Mexican Food – Healthy Alternatives to Tempt Your Taste Buds If you were scared away from Mexican food by the Center for Disease Control’s last report about it-and even if you weren’t-you may be wondering if there are any healthy choices in Mexican cuisine. Mexican food is an American favorite-even if it is just the Taco Bell variety. The key to eating healthy and enjoying Mexican cuisine is to make simple changes in the ingredients that you use and to change your preparation techniques. The first step to eating Mexican food is to find a good Mexican restaurant. Look for establishments that offer fresh ingredients and that are not overly processed. The sour cream and cheese in traditional Mexican food may not be the healthiest option if you are on a weight loss diet. Choose instead items that contain tomato paste, pasteurized dairy products, and fresh vegetables and include a fat free sour cream and cheese in your taco. สล๊อตเว็บตรงแตกง่าย
Your second option, once you’ve found a good Mexican restaurant, is to use these ingredients with traditional dishes and create new meals to add to your repertoire of Mexican food. The best Mexican food will use fresh ingredients-from the south of Mexico as well as other countries. So, you don’t have to worry about the ingredients lately. nor will you have to worry about the high calories. With Mexican food as a reference, you can create dishes that are low in calories and yet are delicious. Recipes created by the talented Mexican chefs are available online in many cookbooks and on the internet. If you are looking for a snack or a meal idea, it can be hard to think of something new to prepare. The best idea is to start with the established recipes in your own kitchen and then add your own touch.

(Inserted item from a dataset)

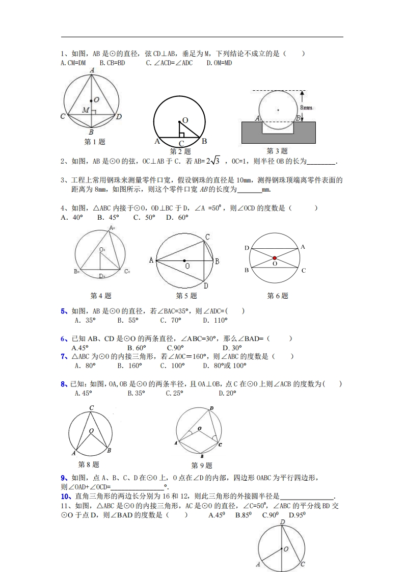 首页九年级数学上册九年级(上)数学第28章专题练习2 圆的概念及性质2(冀教版)

For example, when I cook Pinto beans, I make sure they are properly rinsed off and are free of any dirt or grit. The following recipe is very simple and gives you an idea of just how fast you can cook a chicken. This chicken can be cooked in the approximately 2 hour range.
1 chicken, cut up into 6 pieces
salt and pepper, to taste
First, you will need to prepare the chicken according to directions. If you are using the slow cooker, it will be much easier. Simply add the chicken pieces into the slow cooker and then add enough water to cover the chicken and forget about it. After the chicken is cooked, you can just reheat it for a few minutes.
Second, you will need to sauté the onions, garlic, and shallots in olive oil. Add the butter into the pan and then let it heat until it sizzles a bit and you can see the oil beginning to bubble. Add the shallots and garlic and cook for a few minutes. You can then remove the pan from the heat and add the shrimp. Depending on the amount of shrimp you end up using, the cooking time will vary. But the general rule is that shrimp will cook faster in the oil than they will in water. Once the shrimp are done, you can add the mangoes and the cilantro and squeeze in a little lemon juice, sea salt, and vinegar to taste.
Third, you will need to clean your plate, using a spoon or similar tool to spread the butter evenly over the entire surface of the salmon. Once it is finished, you can sprinkle some sea salt as well as the remaining garlic salt to further flavor the dish. Then you can finish it with a coriander sprinkle.
Now, if you will use this recipe in the future, remember to monitor your diet. Once you start eating recipes like this, you will be hooked for life.